Las feministas cuestionaron, en aquel momento, la propuesta de reforma por insuficiente.  “La nueva Ley no trae ningún avance. El Gobierno del PSOE ha pretendido contentarnos a todos, en su afán de arañar votos y sólo ha conseguido alborotar a la derecha y a la jerarquía de la Santa Iglesia católica e indignar a las mujeres. Esta ley estrecha y mezquina redunda en la injusticia histórica de negarnos a las mujeres el derecho que nos corresponde a decidir libre e individualmente sobre nuestros embarazos: debemos ser nosotras, en función de nuestras circunstancias y de nuestra conciencia, las que decidamos. El aborto debe ser libre y gratuito y esto sólo puede ser con la despenalización total del mismo y su inclusión en la Sanidad Pública” (Colectivo de Mujeres del CAES, octubre 1994).

 

El 3 de marzo de 2010 entró en vigor una nueva ley que opta, una vez más, por eludir los problemas de fondo: el aborto sigue dentro del código penal, no se garantiza el derecho a decidir de las mujeres y una interpretación expansiva de la objeción de conciencia sigue impidiendo que se cumpla la ley y desprotegiendo a las mujeres. Una vez más, el Estado interviene ante una decisión que es (o debería ser) meramente personal.

 

El 90% de los abortos se practican antes de la 8ª semana. En esas circunstancias, el aborto es un acto médico y no una intervención. Sin embargo, desde la Jerarquía Eclesiástica y la derecha reaccionaria se han impuesto a toda la sociedad determinadas estructuras morales y educativas que castigan y criminalizan la práctica del aborto. Parte de esas “imposiciones” penetran en nuestra propia subjetividad como resultado de la educación recibida (4).

 

En 32 países europeos se aplica una ley que permite realizar el aborto dentro de unos plazos, variables según los países. Sólo Malta y Andorra tienen prohibido el aborto.

 

La nueva ley combina plazos y supuestos para legalizar la Interrupción Voluntaria de un Embarazo (IVE), como en Reino Unido y Alemania.
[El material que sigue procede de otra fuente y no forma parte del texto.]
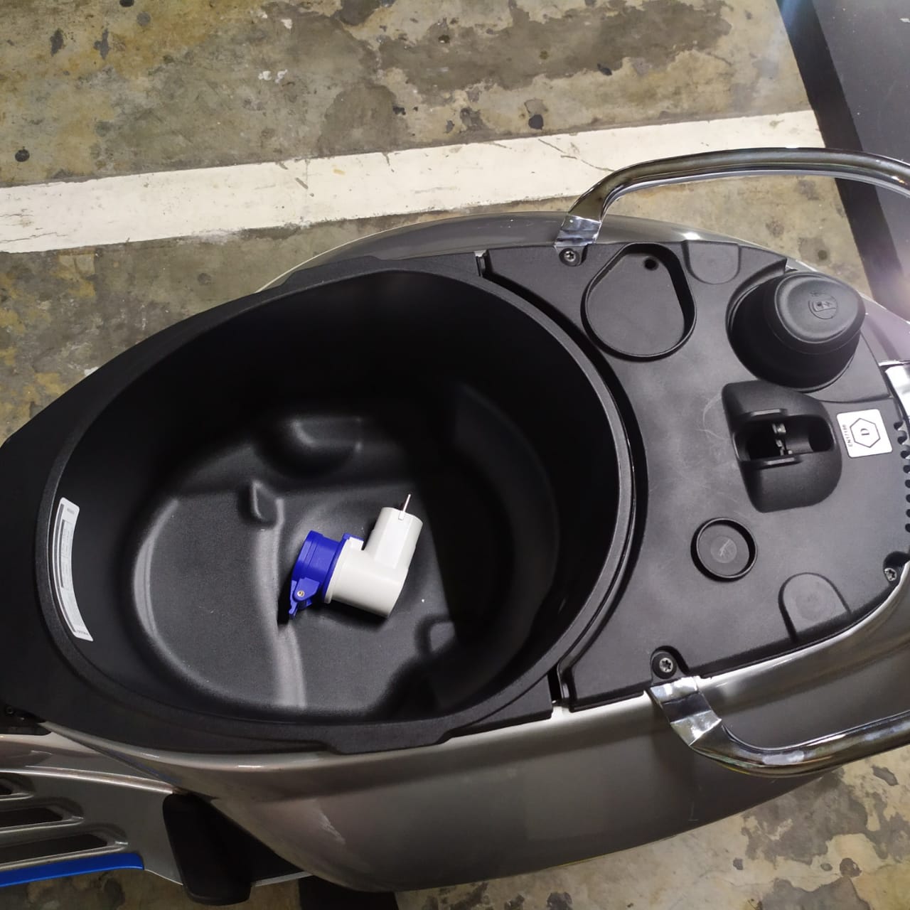 Tim naikmotor ketika pertama kali mencoba Vespa Elettrica melihat langsung proses pengisian daya skuter listrik ini. Terdapat kabel sepanjang 2 meter yang bisa digunakan untuk mengisi daya terletak di bawah jok. Soket kabel ini ini dilindungi penutup dan sudah ada fitur safety di mana ketika tidak tertutup dengan benar skuter ini tidak akan bisa berjalan.

Esta solución mixta no mejora la ley anterior, al limitar temporalmente ciertos supuestos que antes no lo estaban. Tampoco saca el aborto del código penal. Aunque una ley de plazos otorga mayor capacidad de decisión a la mujer que una ley basada en supuestos, no significa la despenalización del acto de abortar. Fuera del plazo establecido por la ley, abortar sigue siendo un delito recogido en el código penal.

 

Plazo demasiado corto e imposición de tres días de reflexión.

 

La ley 2/2010 establece un plazo de catorce semanas en el que abortar es legal. Sin embargo, es un plazo demasiado corto. Entre el tiempo que pasa hasta que se conoce el embarazo, se toma la decisión, se recibe la información de ayuda, los informes médicos necesarios y los días de reflexión, se puede rebasar el plazo. Si se acude a la Seguridad Social para recibir asistencia gratuita, aún pueden dilatarse más los tiempos. En algunas situaciones sociales, las mujeres pueden tardar más en decidirse con lo que el tiempo corre en contra suya. Si rebasan las 14 semanas ya sólo pueden hacerlo acogiéndose a los supuestos autorizados (5). La IVE se trata de un acto médico más, las consideraciones clínicas o científicas son las que determinan cuando dicho acto puede practicarse con seguridad. Las legislaciones europeas más progresistas en esta temática han optado por leyes de plazos amplios (20-24 semanas), tomando como criterio para determinar dicho plazo el momento en que se considera clínicamente que el feto podría ser viable.

 

Incluso en el plazo de las 14 semanas, la ley pone condicionantes a las mujeres. Para poder abortar en dicho plazo, deben cumplirse dos requisitos: a) recibir información sobre las prestaciones de apoyo a la maternidad y b) un periodo de reflexión de tres días. Dichos requisitos sólo son instrumentos de presión sobre su decisión de abortar. Al obligar a una nueva reflexión, el legislador traslada una imagen de la mujer como sujeto inmaduro menor de edad y con dificultad para tomar decisiones consistentes y mantenerlas. Si la interrupción voluntaria del embarazo se tratara como un acto médico más, como ante cualquier intervención clínica, la mujer tendría derecho a ser informada de las condiciones, riesgos y posibilidades de dicha intervención para que pueda tomar su decisión del modo que considere más conveniente; una vez tomada la decisión, no cabe incorporar periodo de reflexión alguno. 

 

En tanto que intervención médica, simplemente debería aplicarse la ley que regula el derecho de los pacientes a la información suficiente y adecuada  y garantizar que se practica con seguridad. En este mismo sentido, no cabe exigir informes médicos extras. En todo caso, los informes deberían considerarse como un derecho del paciente a una segunda opinión, pero nunca como un requisito para una intervención que la mujer consiente y necesita.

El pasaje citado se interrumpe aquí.